Genos Derwin "D. J." Williams, Jr. (born July 20, 1982) is a former American football linebacker who played 11 seasons in the National Football League (NFL). He played college football at the University of Miami and was drafted by the Denver Broncos in the first round of the 2004 NFL Draft. He also played for the Chicago Bears.

High school career
Williams, born and raised in Sacramento, California, lived with family in the Bay Area during high school. Williams did this in order to play high school football at Concord, California's De La Salle High School. He earned USA Today Defensive Player of the Year honors as a senior and was regarded as the top defensive player nationally. He compiled 130 tackles (87 solo) and rushed for 1,974 yards, six sacks, five  forced fumbles, three fumbles recoveries. On offense, he broke the school record for touchdowns in a season with 42 (33 rushing, five receiving, three punt return and one kickoff return).

College career

2000–2001
Williams started his collegiate career at the University of Miami at fullback due to a logjam at the linebacker position. Although he was used sparingly in his freshman year, he recorded 18 career rushes for 142 yards (7.9 avg.) with two touchdowns while catching 12 passes for 143 yards over his career.

2001–2002
Williams switched back to his favored linebacker position in 2001 and was quiet but productive member of the National Championship team. He compiled 51 tackles (25 solo), and one crucial forced fumble in the Rose Bowl against Nebraska.

2002–2003
In 2002, he was one of 11 semi-finalists for the Butkus Award along with teammate Jonathan Vilma, who was also a second-team All-BIG EAST selection. He registered 108 tackles (55 solos) to rank second on the team, notched four sacks, forced two fumbles, and broke up eight passes.

2003–2004
In his final year at Miami he blossomed into one of the best players in the country, finishing his senior year in 2003 as a semifinalist for the Butkus Award. He also a named third-team All-American by the Associated Press and a first-team All-Big East Conference choice. Williams finished second on the team with 82 tackles (44 solo) and tie for the team-lead with six sacks, forced a fumble and recovered another. His highlight of the season was a 61-yard run for a touchdown off a fake punt.

Professional career

NFL Draft
Williams was selected by the Denver Broncos in the first round (17th overall) of the 2004 NFL Draft. Williams emerged as one of the league's top linebackers.

Denver Broncos

2004–2005
In his rookie year, he started 14 of 16 games and led the Broncos with 114 tackles (82 solo). He also recorded two sacks, one interception and one forced fumble. Although an early candidate for Defensive Rookie of the Year, the award went to then-New York Jets linebacker Jonathan Vilma.

2005–2006
Williams was moved from his weak-side linebacker position to strong-side linebacker following the Broncos signing of Ian Gold. He finished with 55 tackles (39 solo) while adding three pass deflections and one forced fumble. Williams also contributed two tackles and a forced fumble on special teams.
He pleaded guilty in September 2005 to driving drunk and was ordered to perform 24 hours of community service.

2006–2007
In the 2006 season, he amassed 76 tackles (59 solo), a sack, one forced fumble, two pass deflections.

2007–2008
Following the injury-related release of Al Wilson, Williams was moved to his third position, middle linebacker.  He finished the 2007 season 2nd in the NFL with 141 tackles (106 solo) along with one sack and one interception.

2009–2010
2009 brought change to the Broncos defense when former Patriots offensive coordinator, Josh McDaniels was hired as head coach. McDaniels hired former 49ers head coach and defensive guru Mike Nolan as defensive coordinator. Nolan installed the 3-4 defense, in which he moved D.J. Williams to inside linebacker (ILB). Playing the "Jack" ILB position (same as Patrick Willis - 49ers), Williams finished the season with 122 tackles, 3.5 sacks and 3 forced fumbles.
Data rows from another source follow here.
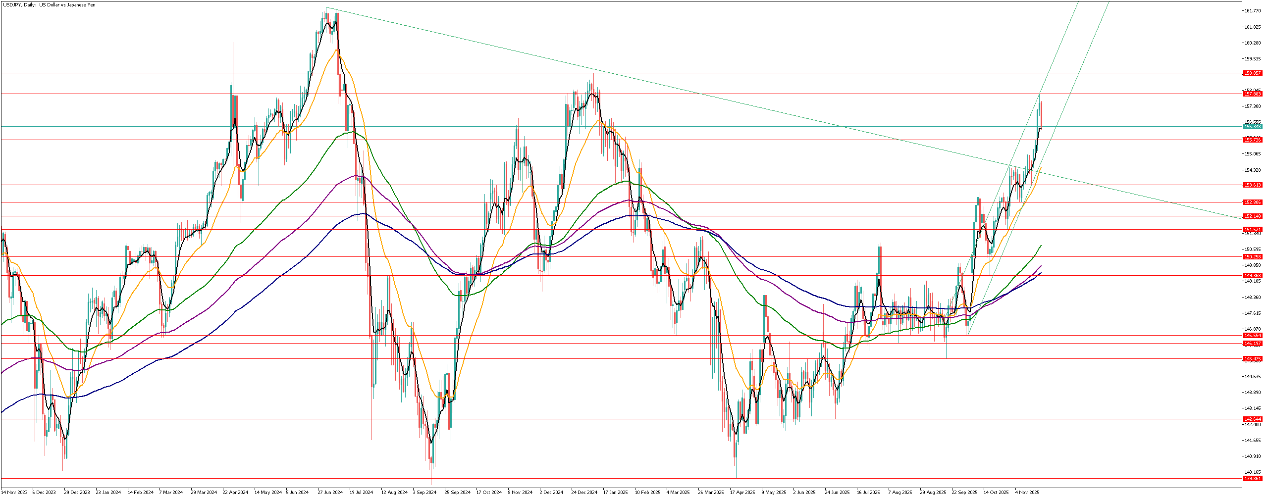 155.73、上昇トレンドのサポート付近などが目安です。今は様子を見ながら押目を待つのが良いと思います。押目をつけなければ、高値切り下げラインの上抜け後サポレジを見てからロングという戦略です。
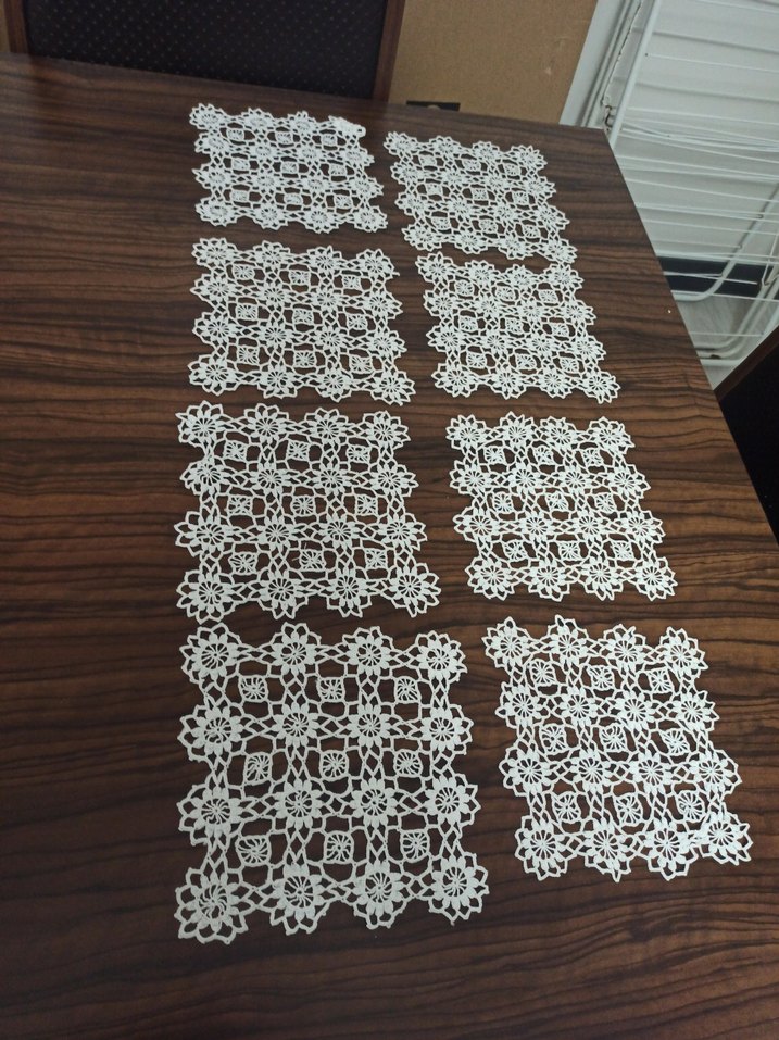 Sekiz adet el yapımı beyaz dantel motif, ayrıntılı çiçek desenleriyle süslenmiş, dekoratif el işleri için uygun.
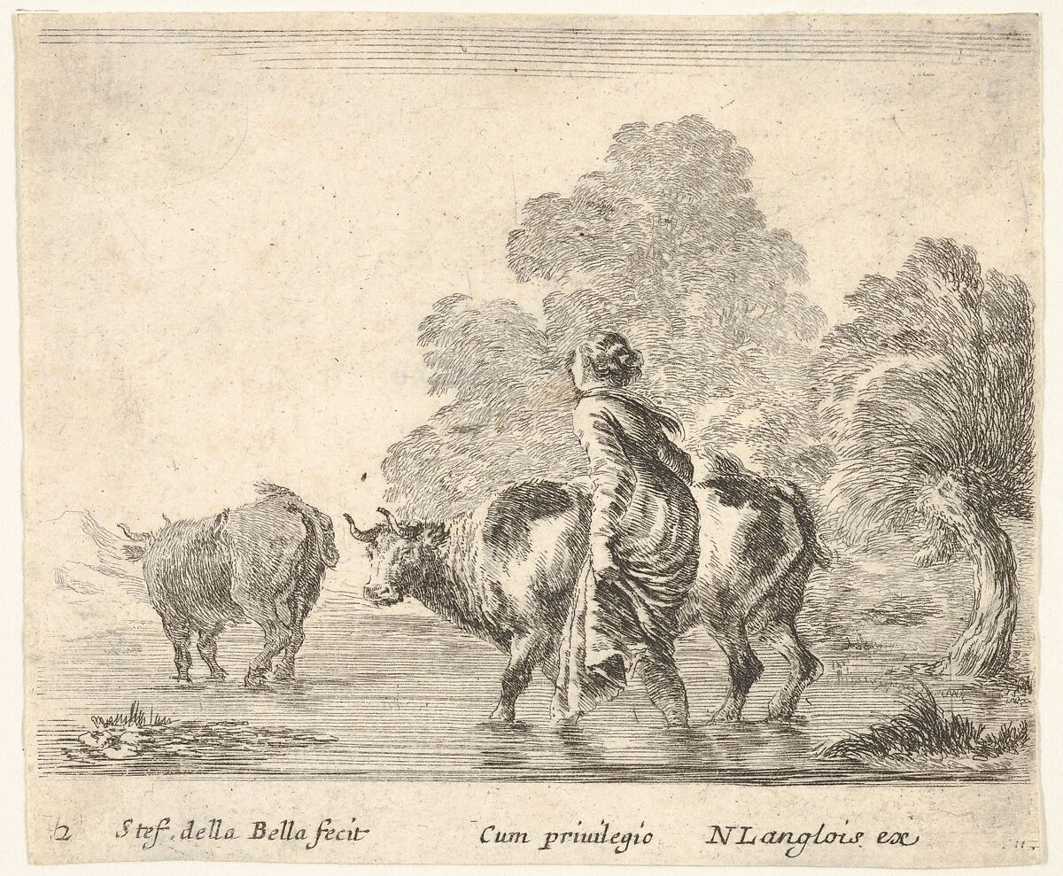 - Title: Plate 2: a peasant woman herds two cows across a stream, walking towards the left, from "Diversi Capricci"
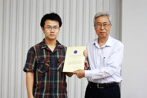 欧阳钟灿院士为今年“吴杭生教授纪念奖”的获奖者2014级研究生丁哲同学颁发了证书。
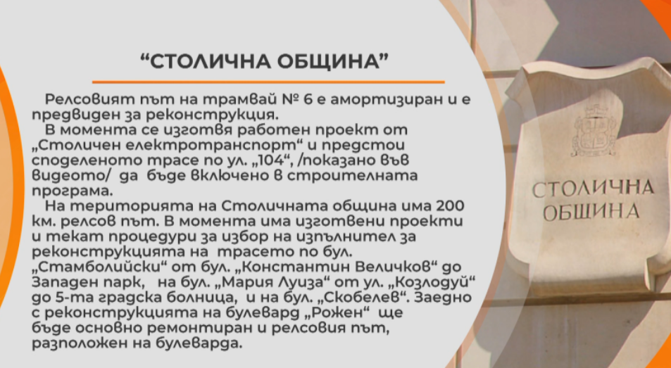 От Столична община заявиха за БНТ, че релсовият път на трамвай номер 6 е предвиден за реконструкция.
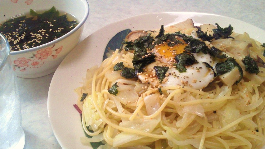ペペロンチーニスパゲッティ/わかめのコンソメスープ
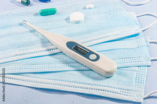Novel coronavirus COVID-19 - protective medical masks and thermometer. Chinese coronavirus outbreak, Middle East respiratory syndrome coronavirus.

On November 12, 2010, Williams was pulled over by a Police officer for driving without headlights on. He was cited for DUI, a misdemeanor and driving without headlights. As this was his second DUI charge, Williams faced a mandatory 10-day jail sentence and a minimum of two years probation if he was convicted - he was ordered to appear in court on December 13.

As a result of the arrest, the Denver Broncos fined Williams and demoted him from Defensive Co-Captain. It was also announced that he would not start the Week 10 match-up against AFC West rivals the Kansas City Chiefs.

By the end of the season, Williams finished with 119 tackles (94 solo), 5.5 sacks, 9 pass deflection and 1 forced fumble.

2012
In March 2012, Williams was suspended for six games after failing a mandatory league drug test. Wesley Woodyard replaced Williams at linebacker. Williams' suspension was extended by three games by the NFL.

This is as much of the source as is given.